During the recent expansion, the trade deficit swelled to more than $700 billion or five percent of GDP. Americans borrowed from abroad, mostly to pay for oil and Chinese consumer goods. They posted as collateral homes at values inflated by slap-dash appraisals and slick Wall Street financial engineering.
Ultimately, homeowners defaulted on mortgages, home prices tanked, banks failed, retail sales collapsed, and layoffs soared.
President Bush and the Federal Reserve rescued the biggest banks with the TARP and nearly $2 trillion in easy loans. Sadly, the scions of Wall Street were not so generous with their debtors, jacking up credit card fees to squeeze new profits.
Enter President Obama, promising stimulus spending on infrastructure to create private sector jobs. Instead, only $100 billion of the $759 billion package is slated for brick and mortar, as the rest is shoring up bloated government agencies and funding temporary tax cuts that mostly pay down consumer debt.
Ten months into Obama's era of new hope, new unemployment claims still exceed 500 thousand each week, job applicants outnumber positions 6 to 1, and unemployment stands at 10.2 percent.
In Congress, Speaker Pelosi is ramming through "cost cutting" health care reforms that will require $200 billion annually in additional insurance premiums and taxes and push health care spending above 20 percent of GDP. In France and Germany, that figure is only 12 percent, indicating a worsening competitive burden to U.S. jobs creation.
Private businesses, recognizing policies bent on economic stagnation, continue slashing payrolls and inventories to accommodate poorer consumers and anemic growth going forward.
The 3.5 percent GDP advance posted in the third quarter was juiced by cash for clunkers and a slower inventory rundown -- in the arcane world of GDP accounting, those boosted growth by 1.9 percentage points.

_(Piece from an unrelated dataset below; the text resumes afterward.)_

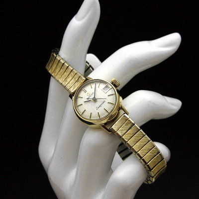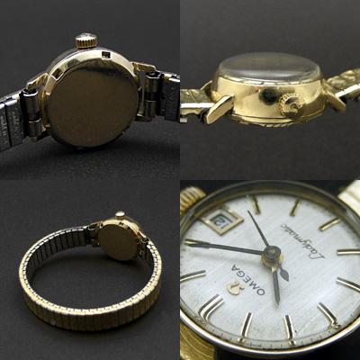 オメガの自動巻腕時計です。レディースでは希少な自動巻のムーブメントを使用していますので、腕に付けるだけでゼンマイが巻き上がり、時計が動き続けます。おそらく1970年代の時計です。ケースは美しさと丈夫さを兼ね備えた14KGF。文字盤には宝飾品などの表面加工でみられる艶消し加工が施してあり、落ちついた印象です。バーインデックスはやや堅い感じになりがちですが、余白の取り方と丸みを帯びたケース形状がそれを上手く押さえています。スーツなどオンタイムにはもちろん、Tシャツとジーンズのような、ラフでカジュアルな格好にさらりと着けてもよく似合います。そのブランド力、作りの良さから、オメガ製のアンティーク時計は一生の宝物になるでしょう。

Lacking exports to pay for oil and Chinese televisions, sustainable growth remains below the three percent necessary to pull down unemployment.
Simply, annual productivity and labor force growth are two and one percent, respectively. GDP growth must exceed the sum of those numbers, or businesses can meet new demand while unemployment hangs above 10 percent.
China will grow ten percent next year, and Asia will boom. Big U.S. companies like Caterpillar and GE that manufacture and sell there will prosper.
Prospects for stronger Asian growth and even a modest U.S. recovery are enough to power profits for American multinationals. Add the expected bonanza to drug and medical device makers from health care reform, and stock prices are up even as the unemployed languish in despair.
Meanwhile, Washington is driving the dollar down against foreign currencies by hawking $2 trillion in new Treasuries to pay for bank bailouts, reckless stimulus and other fiscal foolishness.
Foreign central banks and investors don't hold greenbacks -- they prefer Treasury securities which pay interest. All those Obama Bonds increase the supply of the dollar-denominated securities in international markets, while inflation worries drive investors away from those securities into gold, euro and yen.
Increase supply, sabotage demand, and the dollar tanks, whether measured in gold, euro, yen, or yak eggs on the plains of Tibet. Add talk of a global currency from disgusted foreign central bankers, and worries abound about a final dollar panic.
With consumers unable to borrow and spend like the good old days, U.S. exports must surge and imports abate to create enough new customers for what Americans produce. Only that will power U.S. growth robust enough to generate the taxes necessary to stem Washington's borrowing, printing press promiscuity, and the dollar weakness.
Unfortunately, a cheap greenback against the euro and yen is not likely to boost exports enough, because Europe and Japan have only middling growth prospects too.
U.S. imports will rise, because oil is priced in dollars and China continues to fix the yuan against the dollar at an arbitrarily low level to subsidize its exports. Those rising imports could sap demand for U.S. goods and services enough to instigate the dreaded double dip recession in late 2010.
Blind to Chinese mercantilism, President Obama has no credible plan to boost exports or reduce imports. Democrats' obsession with health care, global warming and social issues only raise business costs and exacerbate the resulting malaise.
U.S. stocks may ride the Chinese miracle, but American workers will suffer lost hope, and the dollar may become cheaper than wallpaper in foreign markets before the follies end.
Peter Morici is a Professor at the Smith School of Business, University of Maryland, and former Chief Economist at the United States International Trade Commission.